Being Warren Chisum

Inside the mind of the state's most powerful fundamentalist

by

Nervous tremors were evident when the announcement came that state Rep. Warren Chisum would take the helm of the House Appropriations Committee this session. The Republican from Pampa—author of the state’s gay marriage ban and an adept at using House rules to kill bills he doesn’t like—now held the state’s checkbook in his hands.

The 68-year-old is one of the founders of the Texas Conservative Coalition and has spent years pushing socially conservative legislation. His ascent to the most powerful chairmanship in the House meant that every lawmaker who wanted a dime for their districts, or funds for a favored program, would have to win the blessing of the guy who wants Bibles in schools, abortions outlawed, and state-backed marriage counseling for couples wanting to take the plunge.

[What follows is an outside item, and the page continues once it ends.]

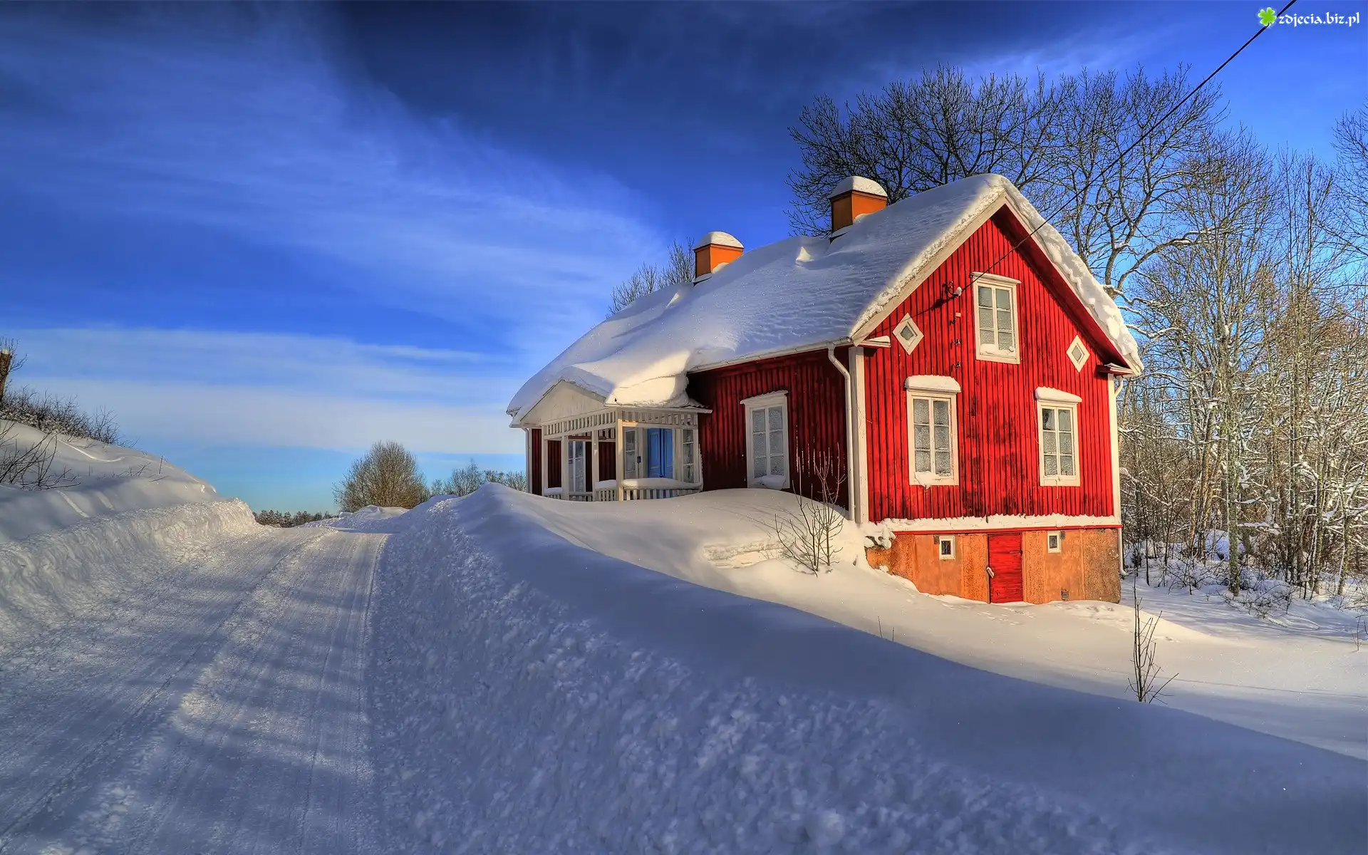 Zdjęcie Dom, Niebo, Śnieg, Droga

“He really is a one-man wrecking ball trying to tear down the wall separating church and state,” says Dan Quinn, communications director at the Texas Freedom Network. “It’s always a concern when someone like that is elevated to the second-highest position in the Legislature.”

Chisum was handed the appropriations chairmanship after 20 years in the Legislature in the wake of an unsuccessful bid by former Chairman Jim Pitts, a Waxahachie Republican, to oust Tom Craddick from the speaker’s post. Liberals saw little to applaud in Chisum’s ascent. He was behind efforts to keep gay couples from adopting or fostering children. In 1993, when the Senate voted to remove the anti-sodomy law from the penal code, Chisum proposed an amendment in the House to put it back in. Told that an anti-homosexual sodomy law would be unconstitutional, he made the amendment anti-sodomy for all, homosexuals and heterosexuals alike, so as not to discriminate. (The U.S. Supreme Court struck down Texas’ sodomy statute in 2003.) When then-Rep. Debra Danberg, a Houston Democrat, asked if his legislation included married people, Chisum responded, “More especially if they’re married. I can’t believe they would want to do that if they were married.”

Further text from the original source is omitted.